Вобщем то оптимизация означает, что нечто происходит, и оно неплохо, что происходит, но его можно улучшить. Например, в психической жизни — ты зависишь от какого-то человека, но оптимизировав психическую жизнь, чувствуешь освобождение, или было мало денег, стало много, то есть улучшение осуществляется в той же логике, в которой находится то, чему оно себя противопоставляет. Можно было бы сказать — не было любви, теперь есть., но на самом деле нет — любовь, это не различие с тем, что было прежде, а это, пользуясь термином Жака Деррида, различание. Это прерывание логики прошлого, и пришествие чего-то, что не предполагалось, это ответ на запрос, которого не было. Возможность События открывает, что жизнь — это не только цепочки причин, в ней возможно прерывание их неумолимых сил, вторжение инакового, Быть открытым Событию, это жить человеческой жизнью — быть не только в том, что обуславливает, но в том, что сверх-обуславливает, дает смысл и преобразует. Собственно, Аронсон атакует терапевтический поворот и порожденный им культ самооптимизации именно с этих позиций. Она пишет, что связанные с любовью страдания, слабость, растворение в другом человеке, а так же меланхолия, страсть — это важнейшие элементы человеческой экзистенции. И отказываясь от них, мы отказываемся от человечности.

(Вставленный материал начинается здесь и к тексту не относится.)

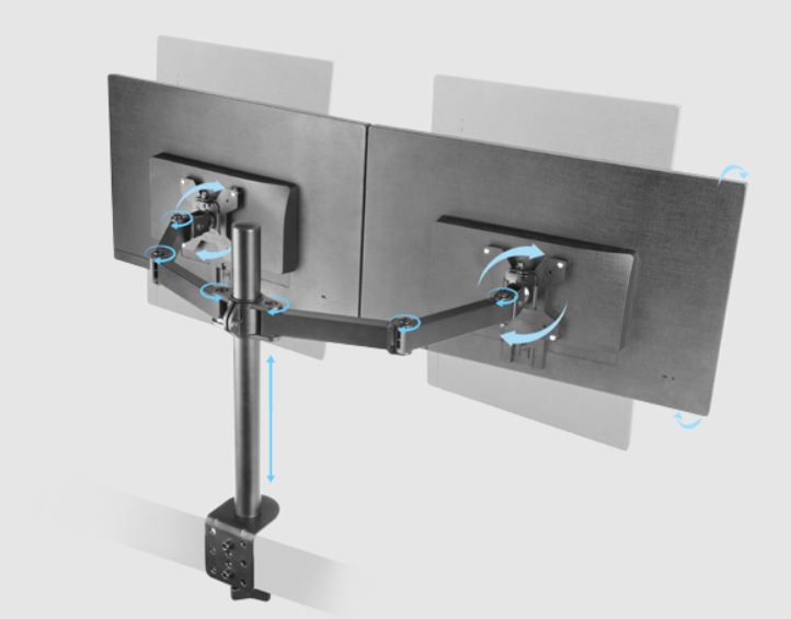 O MARM2 é um suporte de monitor duplo de alta qualidade, projetado para telas de 13" a 27" e capaz de suportar até 8 kg de peso por braço. Este suporte robusto e resistente possui braços totalmente articulados, gerenciamento de cabos e altura do monitor ajustável. O MARM2 não é apenas um suporte de monitor, é uma solução para melhorar seu bem-estar e produtividade. Os seus braços totalmente articulados permitem ajustar a posição dos seus monitores com precisão e facilidade. Imagine poder inclinar, girar e girar cada tela para adaptá-la ao ângulo de visão que melhor lhe convier, ajudando a prevenir a fadiga visual e a dor corporal. O suporte MARM2 vai além dos suportes de monitor convencionais. Os seus dois braços totalmente articulados permitem ajustar cada monitor individualmente para obter o ângulo e a altura perfeitos. Reduz a fadiga visual e o estresse no pescoço, ombros e costas, melhorando assim tanto sua produtividade quanto seu bem-estar. O MARM2 é construído em aço de alta qualidade, oferecendo uma estrutura robusta e resistente que garante uma estabilidade excepcional. Não terá que se preocupar com movimentos indesejados ou vibrações desconfortáveis enquanto trabalha. Este suporte fornece uma base sólida e segura para as telas, proporcionando tranquilidade e confiança em seu desempenho. O MARM2 não só suporta os monitores, também cuida do espaço de trabalho. O seu sistema de gerenciamento de cabos integrado mantém os cabos organizados, evitando emaranhados e desordem na mesa. Além disso, a sua capacidade de elevação ajustável e suporte de até dois monitores permite liberar e aproveitar ao máximo o seu espaço de trabalho. O MARM2 é totalmente compatível com os padrões VESA75 e VESA100, o que garante uma instalação e configuração fáceis. Só precisará de alguns minutos para montar e garantir os seus monitores nos braços do suporte. Com seu design intuitivo, poderá começar a desfrutar dos benefícios de uma configuração de monitor duplo rapidamente e sem complicações.

Подобную же критику осуществляет Олдос Хаксли в романе ''Дивный новый мир'' — там правда все подчинено не оптимизации, а целесообразности. В описываемом обществе эмоции понимаются как-то, что мешает человеку наслаждаться жизнью, поэтому любовь там исключена, вместо нее происходит обмен секс-партнерами и жевание легких наркотиков. Там нет эмоций, там есть удовольствия, которые отличаются друг от друга лишь степенью, а страданий нет вовсе. Главный герой — подозрительно задумчивый, меланхоличный, даже романтичный, он читал Шекспира, он со странным и тревожным дефектом во всем его образе, но на его фоне (и на фоне другого общества — Дикарей, которое живет человеческими эмоциями) это общество выглядит холодным, бездушным и жутким. При этом Главуправитель рассказывает главному герою, что в новом мире пожертвовали искусством, подлинной наукой, страстями ради того, чтобы создать стабильное и благополучное общество. Но главный герой не переходит на его сторону, делается посмешищем и кончает с собой. Вобщем-то Хаксли проиллюстрировал фразу рассказчика из Записок из подполья — '' Если вы скажете, что все можно рассчитать по табличке, и хаос, и мрак, и проклятие, так уж одна возможность предварительного расчета все остановит и рассудок возьмет свое, — так человек нарочно сумасшедшим на этот случай сделается, выдумает разные страдания и настоит-таки на своем! '' Можно продолжить — настоит на том, что любовь вопреки терапевтическому повороту, со всеми ее угрозами, это то, от чего нельзя отказаться. Потому-что это возможность, которая дается нам как людям, это часть человеческой природы. Но с той стороны могут сказать — а зачем сохранять это человеческое, когда оно приносит страдания? Тем более что от них можно избавиться — существуют алгоритмы и методы. На эту логику можно ответить так — если есть что-то, что в нашей природе, что не извлекаемо, и следами чего пропитана вся культура, то отрицая, мы это не вычеркиваем, мы просто не пользуемся этой возможностью, но неиспользование возможности. которая как бы всегда открыта. ведет в конечном итоге к сожалению. И в какой-то момент можно оказаться перед открытием, что ради пребывания внутри интенсивного смысла можно было бы пожертвовать спокойствием и жизнью без страданий.
Помимо потребности избежать страданий, имманентно свойственной человеку, у него еще есть потребность чувствовать, что жизнь прошла (или проходит) не зря, не менее имманентно свойственная, и эти две потребности входят в антогонизм, можно зафиксировать, что терапевтический поворот является победой первой.